When Azura threatens you, you do it and to the best of his abilities Charles did. There was no way in his inebriated state could he have lifted her bridal style to her bed up the Lady's Tower, their new estate. Instead he settled to pull her by the hand, half for his own stability and at least some effort to seem romantic. Many faunus whistled and roared as they passed, the party still going even as the guest of honor customarily left for the night. Eventually as they entered the Castle the more Stoic knights gave either unpleasant grimaces or subtle winks depending on which particular political leaning they had on the faunus issue. If anything the grimaces would make this more enjoyable, Charles did take a sweet pleasure from knowing that what he was about to do would haunt them for a while to go.

Whatever gusto that might had embedded in him began to leave as they climbed the staircase together, the maze of clockwork inside the tower making uneasy clicks as they came to the top floor. The room had one guard, who nodded and agreed to watch the staircase from the floor below. The room itself was more personalized than Charles had thought Maledetta would have. Where yellow would have been the design to mark Cid colors, Maledetta chose black and purple curtains and bed sheets, the dim light illuminating the purple walls. The sides were covered in tables and desks, a bookcase wrapping around a fourth of the circular room, some alchemic dust research on the end of it, something Charles was unaware Maledetta dabbled in. Other tables were for food, or radio or writing. The biggest though was a map with chess pieces on it, black and white. Charles ignored the looming bed that was placed in the center, a mass of purple and black that could sleep half an army. Instead he took to the map, arranging his chess pieces by location. Black Knights would be the Taurus, the bishops Canis, rooks made for Leo and the pawns his own along with the Simians and scattered others who shared much of the same talents. The white were everyone else, though Charles could only guess what would be in the ranks.

"Don't worry about that for now. You've had a bit to drink to think of a plan now," Maledetta whispered from behind, though Charles had a difficult time making her voice out, the drinks starting to take hold. Though it blurred his vision, he began to set these pieces up, forming different lines and positions on the flat map of Vale.

"I just...need to figure it out. It's right here in the map, the answer is always on the map." It was Charles' primary martial philosophy. Numbers, what type of soldiers and the terrain was all you needed to know; from there it was just about setting it up. Wasn't genius or particularly clever. The answer was right there you just had to find it. Helped a little when you could read the altitude marks on the map however.

"Not always, Sir Guido use to obsess over maps just like you and I hear you beat him. Is it like a staring contest?" she joked though Charles grimaced. He didn't want to hear that name right now, in this state at night staring on a map, not the name and not the memories. Dead men should rot.

"Please don't compare us." Charles didn't mean to sound so rough, but he did the pain of old wounds on his lips.
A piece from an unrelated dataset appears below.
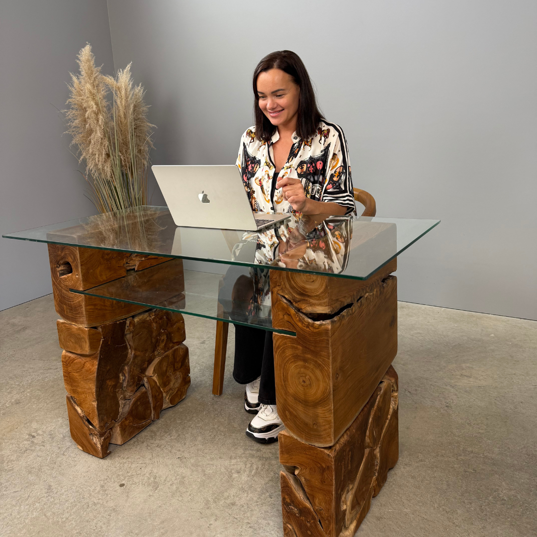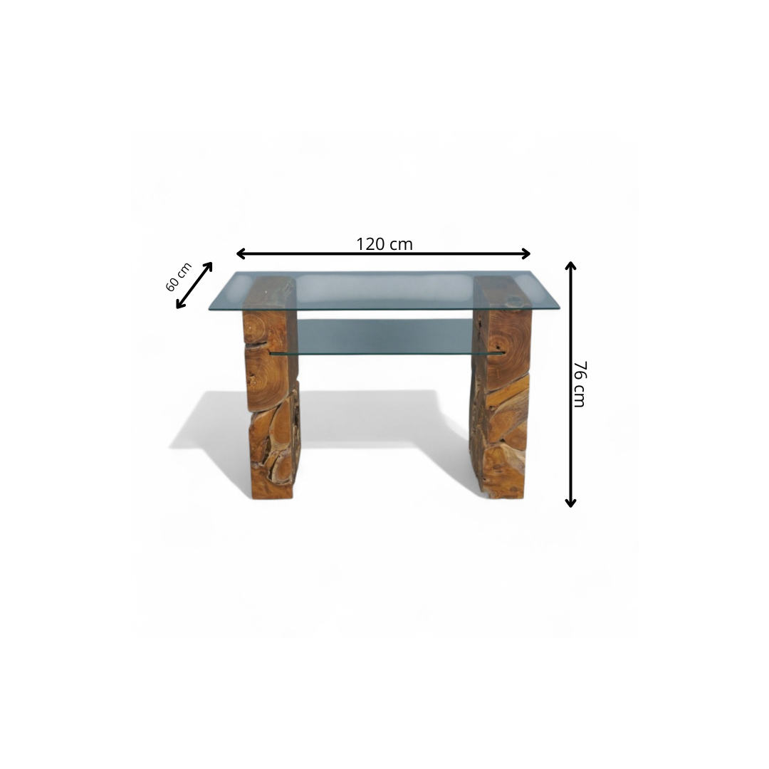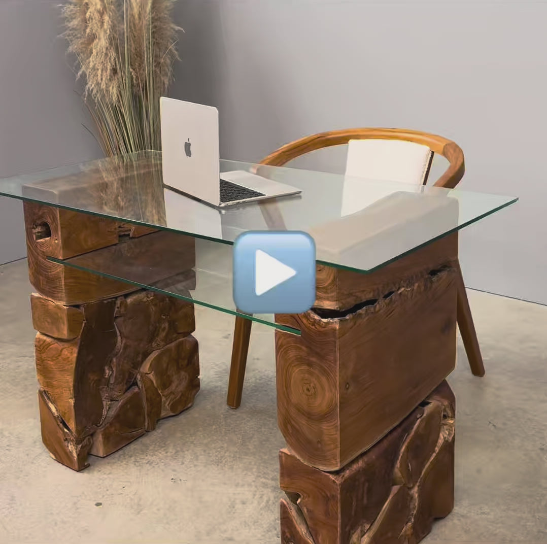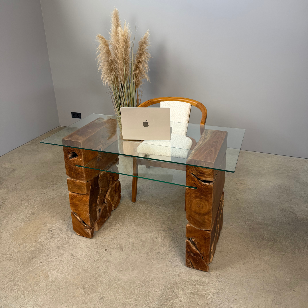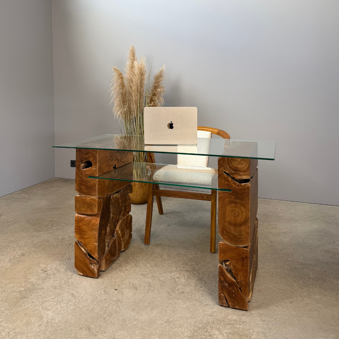 A handcrafted work desk made from natural teak root fragments with double glass surfaces. Each wooden piece retains its unique character, creating a sculptural and grounded presence. Perfect as a distinctive office desk or a refined dining table.
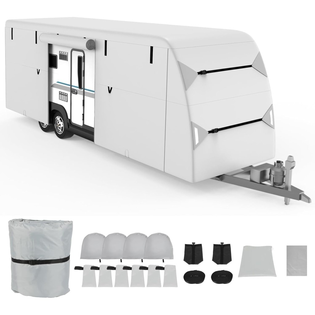 Travel Trailer RV Cover 24'-27' Water-Resistant Anti-UV Camper Cover for Winter Snow with Jack Cover 4 Tire Covers and Gutter Covers

This was why he didn't drink, emotions became hyper sensitive and harder to push down. "I'm sorry I just need a moment to think."
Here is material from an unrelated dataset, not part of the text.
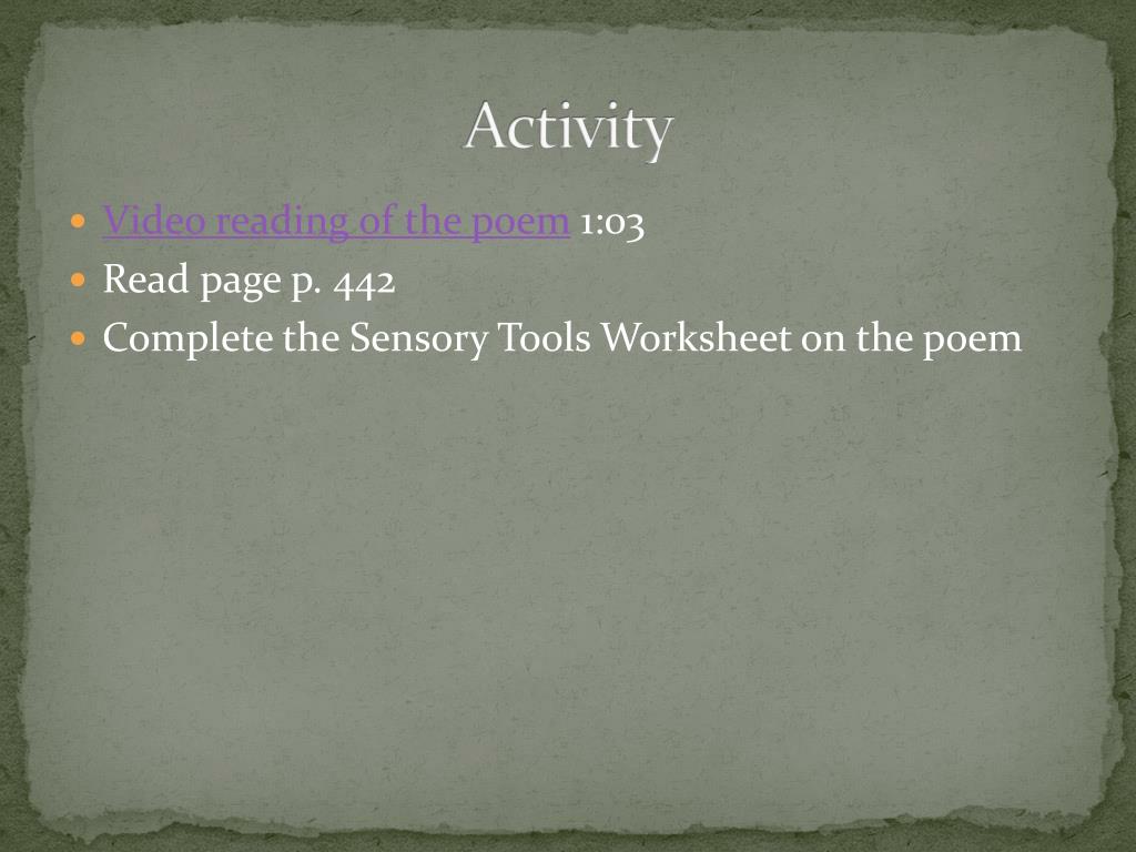 Activity • Video reading of the poem1:03 • Read page p. 442 • Complete the Sensory Tools Worksheet on the poem

"It's alright, are you nervous? Is this the first time y-" Charles didn't need her to finish.

"No it's just." Just what Charles didn't really know. Still he lined up his players and pieces along the board just as he had done a million times before and looked for the answer. It wasn't coming to him and now his eyes were blurred beyond focus. "Are you okay with this? You barely know me."
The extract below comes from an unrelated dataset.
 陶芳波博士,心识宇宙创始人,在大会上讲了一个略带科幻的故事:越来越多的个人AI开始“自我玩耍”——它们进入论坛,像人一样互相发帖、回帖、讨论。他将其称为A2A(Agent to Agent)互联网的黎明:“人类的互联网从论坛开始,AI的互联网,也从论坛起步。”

"Whether we like it or not, we are married. Our enemies see us as one. We will live together or hang together. Our choices are together...our fates are stuck together what hurts one hurts the other. For that reason we can trust each other," she said it plainly, grasping it even if Charles struggled with it. "but I wouldn't mind learning about you. Why did you hate sir Guido so much? Why fight? What makes you the Black Cat?" The question was a trigger and old gears that had not turned in half a year started again, the music of unpleasant memory to play alone in Charles' head again. Taking up another glass of wine he drank it down hole, the last bit of dulling he needed to say the words.

"I used to have this friend, wonderful girl named Lucia, like me with the ears and all. We grew up very close, Lucia, Azura, and I. She was a miner girl, pretty, but strong enough for it." He choked on every word as he spoke, the night coming to him as if it was just the last night. It never really left him, just gave him a respite till now. "One evening when we were walking home, Guido, drunk and armed came up demanding service. Lucia tried to explain she wasn't a working girl, but Guido didn't care, or wasn't listening. He just added another couple of Lien to his offer when she said it. Eventually he got tired of it, said 'it's the law' and dragged her into some back alley. There were plenty people there, everyone saw. Easily twenty of us Faunus, enough to kill a man like that." Twenty Faunus made twenty one guilty and one innocent.

"And that was the day you lead the miner's revolt," Maledetta guessed, taking to the fairy tale version of what happened, but she was right. Life wasn't a fairy tale; it was filled with failure and regret, filled with cowardice. With complacency and turning your head down whenever something bad happened around you.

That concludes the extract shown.